Stored data:
================

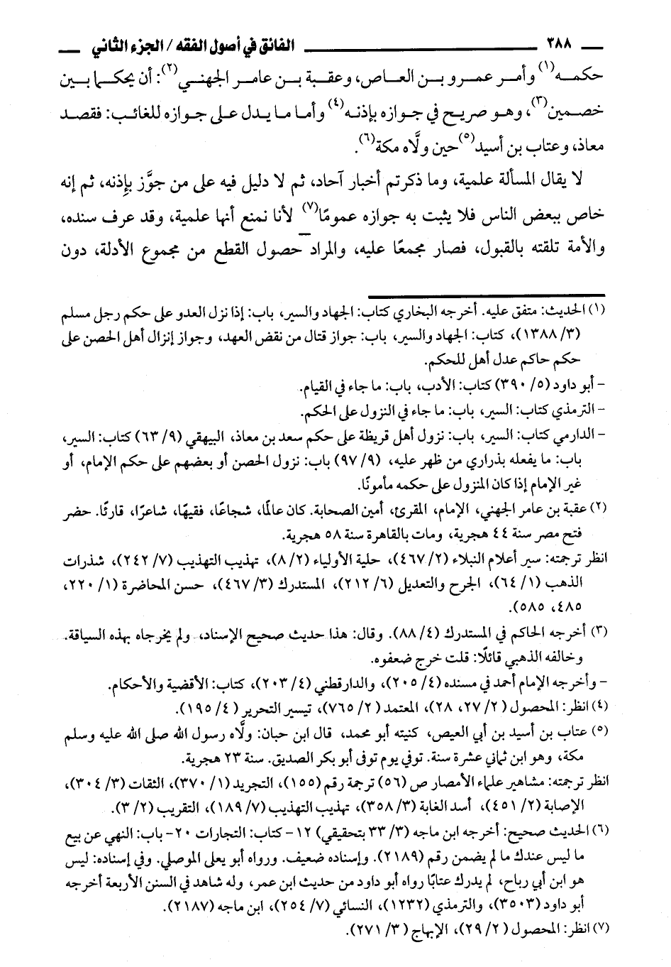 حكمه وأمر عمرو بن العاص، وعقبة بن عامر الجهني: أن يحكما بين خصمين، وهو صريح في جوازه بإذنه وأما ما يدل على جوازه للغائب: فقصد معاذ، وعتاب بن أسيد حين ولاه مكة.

================

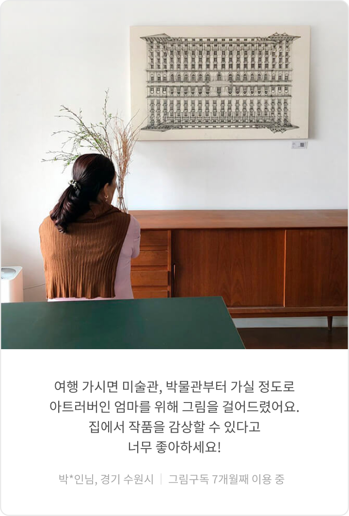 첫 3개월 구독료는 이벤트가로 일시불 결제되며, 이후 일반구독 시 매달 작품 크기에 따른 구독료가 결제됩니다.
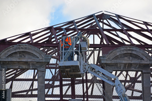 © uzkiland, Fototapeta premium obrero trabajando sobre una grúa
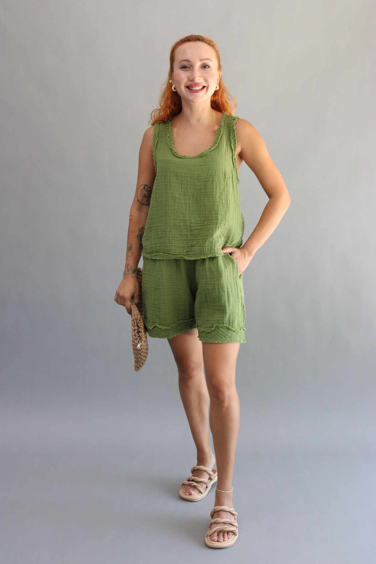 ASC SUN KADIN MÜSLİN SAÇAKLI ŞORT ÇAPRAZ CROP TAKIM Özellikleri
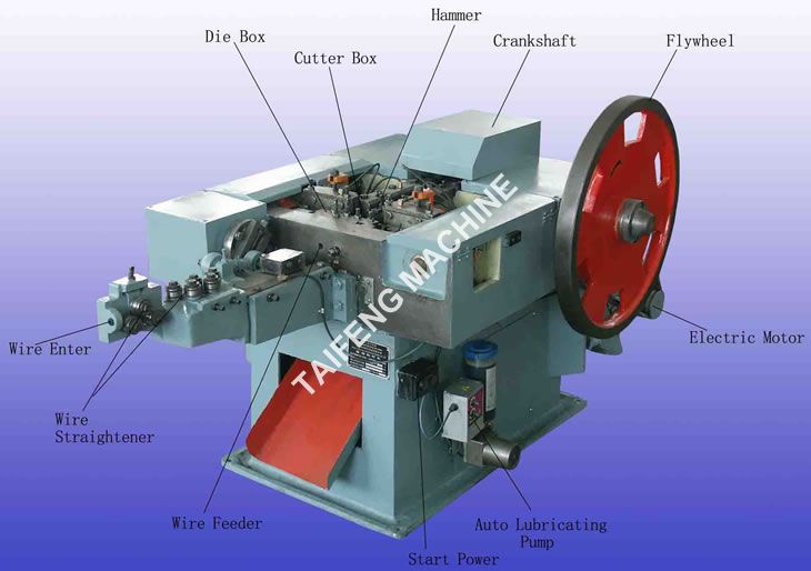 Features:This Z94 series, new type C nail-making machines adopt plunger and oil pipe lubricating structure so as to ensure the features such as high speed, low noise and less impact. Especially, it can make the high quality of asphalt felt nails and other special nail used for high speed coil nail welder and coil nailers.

================

What you are asked to do: In the data above, find the line containing "ASC SUN KADIN" and the line containing "Features:This Z94 series, new". Repeat those two lines and everything between them exactly, minus the pictures.

Expected output:
 ASC SUN KADIN MÜSLİN SAÇAKLI ŞORT ÇAPRAZ CROP TAKIM Özellikleri
 Features:This Z94 series, new type C nail-making machines adopt plunger and oil pipe lubricating structure so as to ensure the features such as high speed, low noise and less impact. Especially, it can make the high quality of asphalt felt nails and other special nail used for high speed coil nail welder and coil nailers.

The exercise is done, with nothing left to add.